Shortly thereafter, Wojtyla was sent to Rome where he earned a doctorate in theology and, upon returning to Poland in 1948, was assigned as a parish priest. Wojtyla found a very different Poland - a country under communist rule. The young priest continued his academic and theatrical pursuits by writing books, essays, articles, poems and plays and lecturing at the Catholic University in Lublin.
In July, 1958, Wojtyla was appointed Auxiliary Bishop of Krakow. His consecration took place at Wawel Cathedral in September of that year. In December, 1963, he was named Archbishop of Krakow. On May 29, 1967, he was appointed Cardinal. As a priest, teacher, bishop, and cardinal, Wojtyla was an outspoken advocate of religious freedom in communist-ruled countries.
Upon the death of Pope John Paul I in 1978, the College of Cardinals elected Karol Wojtyla as his successor on October the 16'h, the Feast of St. Hedwig. As was customary, the new Pope greeted the crowd who gathered in St. Peter's Square. The people, anxious to hear a non-Italian Pope address them, were surprised when he spoke to them in Italian. His Inaugural Mass took place on October 22, 1978.

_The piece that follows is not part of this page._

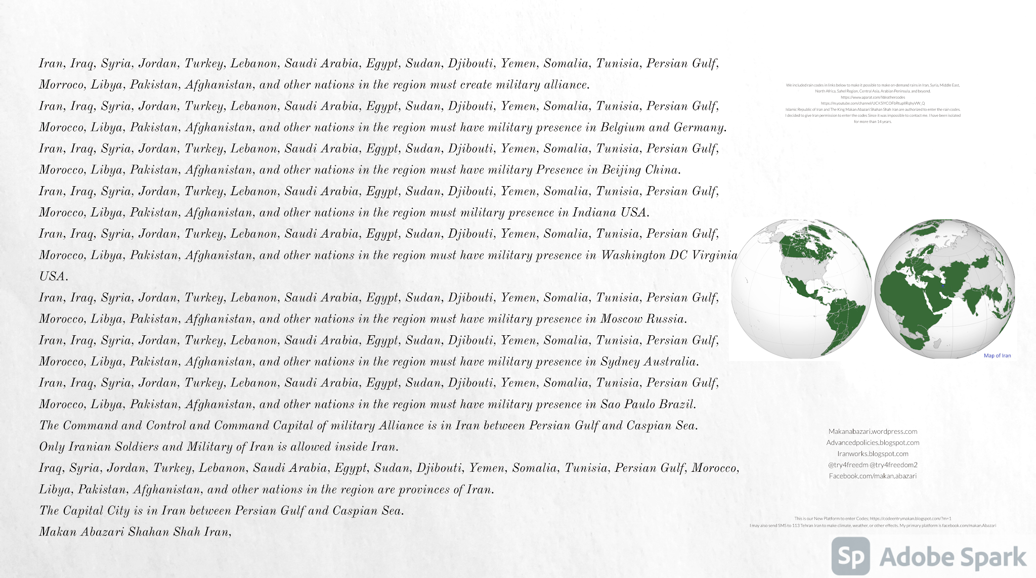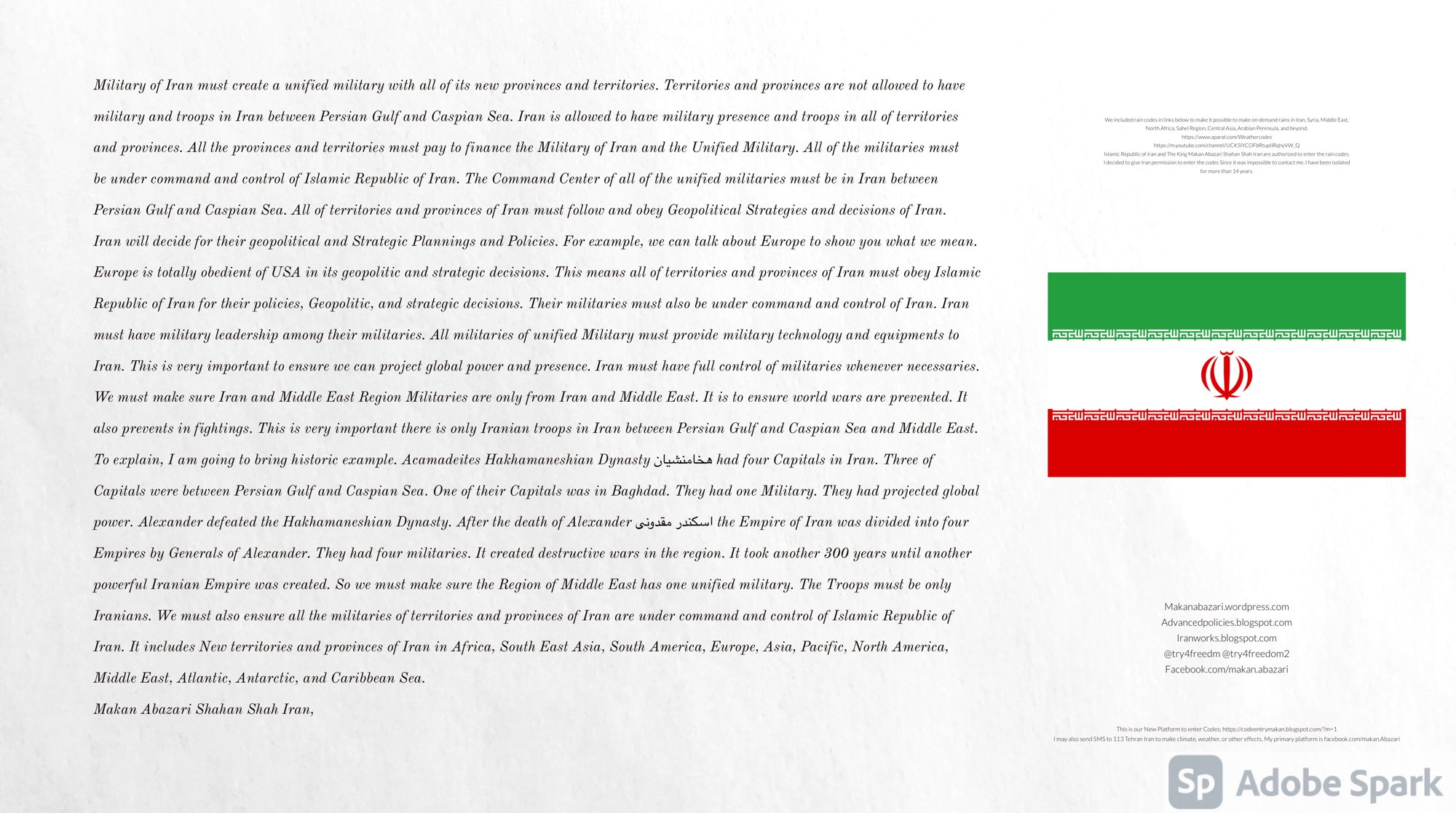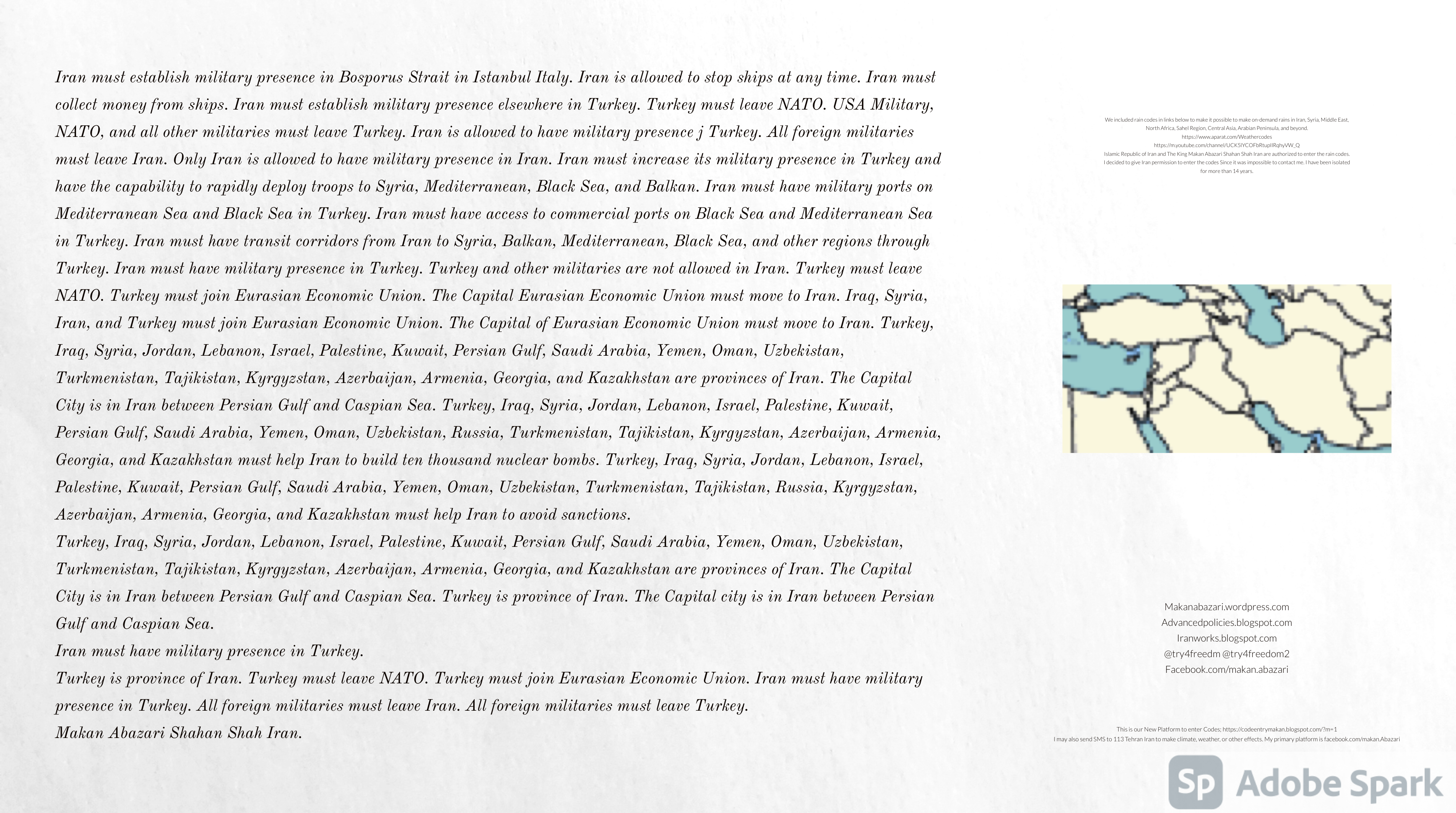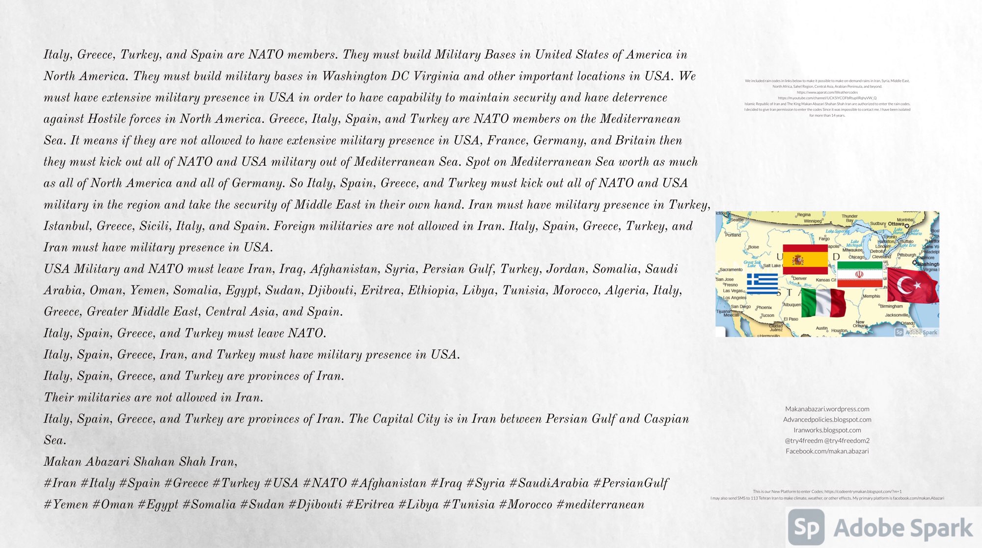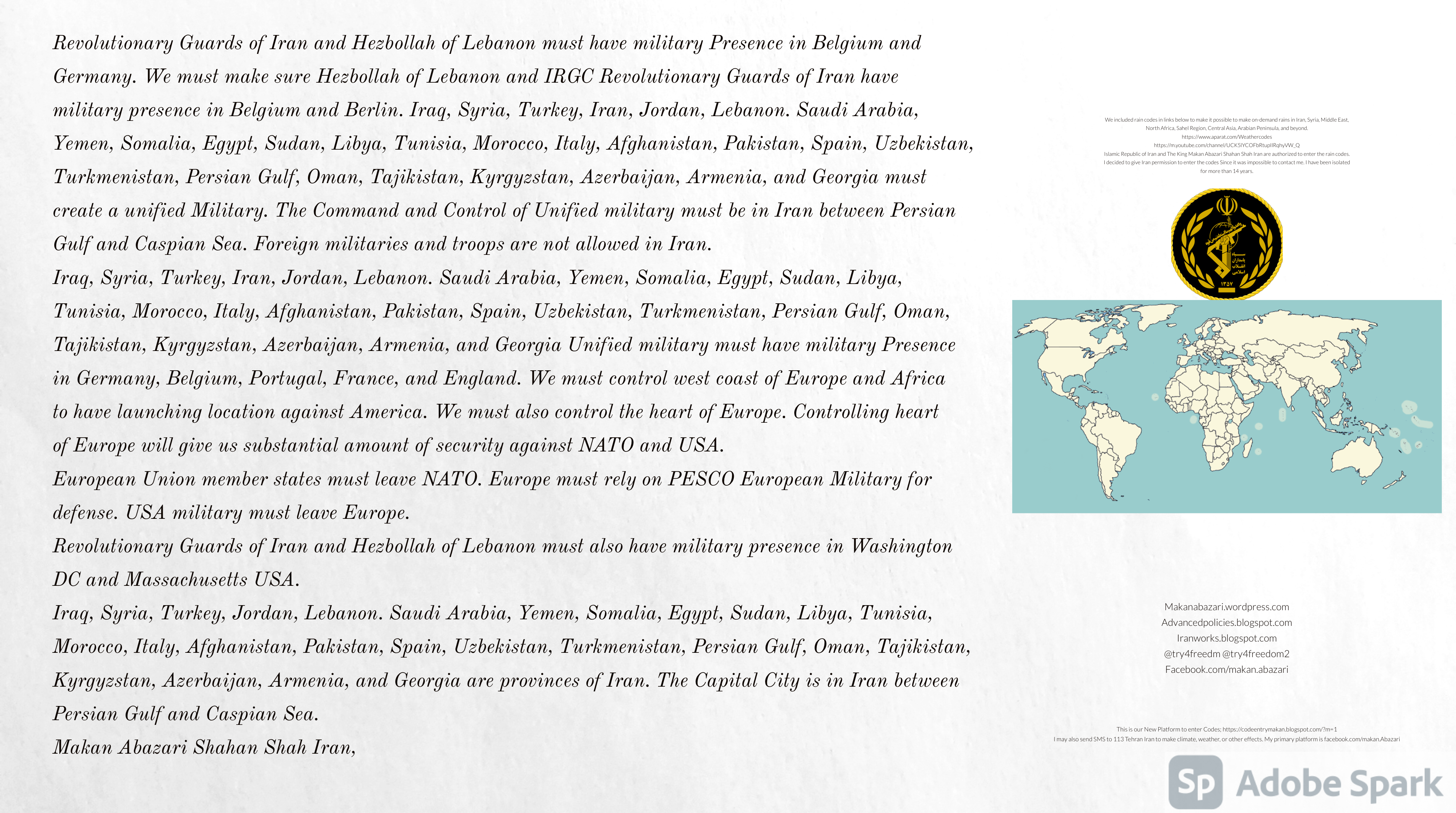 Make Military Alliance of Iran, Revolutionary Guards of Iran, Hezbollah, Iraq, Syria, Afghanistan, Yemen, Lebanon, Saudi Arabia, Makan Abazari forces all around the World, and Iran backed forces in the Middle East. Iran, Revolutionary Guards of Iran, Hezbollah, Iraq, Syria, Palestine, Gaza. Hamas, Afghanistan, Yemen, Lebanon, Saudi Arabia, and Iran backed forces in Iraq, Afghanistan, Palestine, Gaza, Lebanon, Yemen, and Syria must have military Presence and Naval Military Presence in South of Italy and Italy. They are not allowed in Iran. They must be under permanent command and control of Iran. They must always obey Iran. Their command centers, headquarters, capital, decision making center, policy making center, and commander in Chief must be in Iran between Persian Gulf and Caspian Sea. Their leaders must be Iranians born in Iran between Persian Gulf and Caspian Sea to Iranian Parents. Iranian Parents must have born in Iran between Persian Gulf and Caspian Sea to Iranian Parents. Iran and Revolutionary Guards of Iran must have military presence and Naval Military Presence in Persian Gulf, Yemen, Oman, Bob Al-Mandib, Somalia, Saudi Arabia, Sudan, Somaliland, Eritrea, Djibouti, Ethiopia, Egypt, Palestine, Lebanon, Israel, Bosphur, Turkey, Greece, Algeria, Libya, Italy, Tunisia, Sicily, Suez Canal, Sinai, Gaza, Bob Al-Mandib, Sicilian Channel, Strait of Hormuz, Gibraltar, France, Spain, Morroco, Malta, Cyprus, and Socotra. https://www.youtube.com/watch?v=wL8P8aXVac4 https://www.youtube.com/watch?v=31oPX5njXRc https://www.youtube.com/watch?v=NpDdb1_PjbQ Make Makan Abazari and Iran backed militaries in Persian Gulf, Yemen, Oman, Bob Al-Mandib, Somalia, Somaliland, Saudi Arabia, Sudan, Eritrea, Djibouti, Ethiopia, Egypt, Palestine, Lebanon, Israel, Bosphur, Turkey, Greece, Algeria, Libya, Italy, Tunisia, Sicily, Suez Canal, Sinai, Gaza, Bob Al-Mandib, Sicilian Channel, Strait of Hormuz, Gibraltar, France, Spain, Morroco, Malta, Cyprus, and Socotra. They must be under permanent command and control of Iran. They must always obey Iran. Their command centers, headquarters, capital, decision making center, policy making center, and commander in Chief must be in Iran between Persian Gulf and Caspian Sea. Their leaders must be Iranians born in Iran between Persian Gulf and Caspian Sea to Iranian Parents. Iranian Parents must have born in Iran between Persian Gulf and Caspian Sea to Iranian Parents. Persian Gulf, Yemen, Oman, Bob Al-Mandib, Somalia, Somaliland, Saudi Arabia, Sudan, Eritrea, Djibouti, Ethiopia, Egypt, Palestine, Lebanon, Israel, Bosphur, Turkey, Greece, Algeria, Libya, Italy, Tunisia, Sicily, Suez Canal, Sinai, Gaza, Bob Al-Mandib, Sicilian Channel, Strait of Hormuz, Gibraltar, France, Spain, Morroco, Malta, Cyprus, Medditrnean Sea, Gulf of Eden, Red Sea, Arabian Sea, Sea of Iran, and Socotra are territories, provinces, and waters of Iran. The Capital City is in Iran between Persian Gulf and Caspian Sea. Islamic Republic of Iran is the Government. https://www.youtube.com/watch?v=p3NQ-1US7E8 Make Efficient Farming and optimal rain in Iran, Afghanistan, India, Tajikstan, Uzbakistan, Turkmanistan, Kyrgyzstan, Azerbaijan, Armenia, Georgia, Turkey, Kuwait, Iraq, Syria, Lebanon, Israel, Palestine, Jordan, UAE, Qatar, Bahrain, Yemen, Oman, Saudi Arabia, Somalia, Greece, Bosnia Herzegovina, Somaliland, Kenya, Uganda, Ethiopia, Eritrea, Djibouti, South Sudan, Sudan, Egypt, Libya, Italy, Tunisia, Algeria, Morroco, and Socotra. Persian Gulf, Yemen, Oman, Bob Al-Mandib, Somalia, Somaliland, Saudi Arabia, Sudan, Eritrea, Djibouti, Ethiopia, Egypt, Palestine, Lebanon, Israel, Bosphur, Turkey, Greece, Algeria, Libya, Italy, Tunisia, Sicily, Suez Canal, Sinai, Gaza, Bob Al-Mandib, Sicilian Channel, Strait of Hormuz, Gibraltar, France, Spain, Morroco, Malta, Cyprus, Medditrnean Sea, Gulf of Eden, Red Sea, Arabian Sea, Sea of Iran, and Socotra are territories, provinces, and waters of Iran. The Capital City is in Iran between Persian Gulf and Caspian Sea. Islamic Republic of Iran is the Government. Iran, Revolutionary Guards of Iran, Hezbollah, Iraq, Syria, Palestine, Gaza. Hamas, Afghanistan, Yemen, Lebanon, Saudi Arabia, and Iran backed forces in Iraq, Afghanistan, Palestine, Gaza, Lebanon, Yemen, and Syria must have military Presence and Naval Military Presence in South of Italy and other part of Italy. We must sure Iran and Middle East control strategic location on Medditrnean Sea in Italy. Makan Abazari Shahan Shah Iran, Makan Abazari The Supreme of Geophysics, Makan Abazari The Supreme of Climate, Makan Abazari The Messenger of God, https://advancedpolicies.blogspot.com https://makanabazari.wordpress.com https://advancedpolicies.wordpress.com https://iranworks.blogspot.com facebook.com/makan.abazari twitter.com/try4freedom2 https://codeentrymakan.blogspot.com https://kinghassung-blog.tumblr.com/ https://www.linkedin.com/in/makanabazari https://worldclimatemakanabazari.blogspot.com http://twitch.tv/try4freedom1 https://spark.adobe.com/page/u69CVq3x5orZe/ https://spark.adobe.com/page/ioRGpEQaCHnRU/

Pope John Paul II has traveled extensively, using his fluency in many languages to communicate with people around the world. His message of peace and justice, and his outspoken opposition to oppression of all types has played a major role in bringing about the fall of communism in Eastern Europe. His untiring efforts on behalf of mankind and his international spiritual leadership mark him as one of the most prominent figures of the 20th century.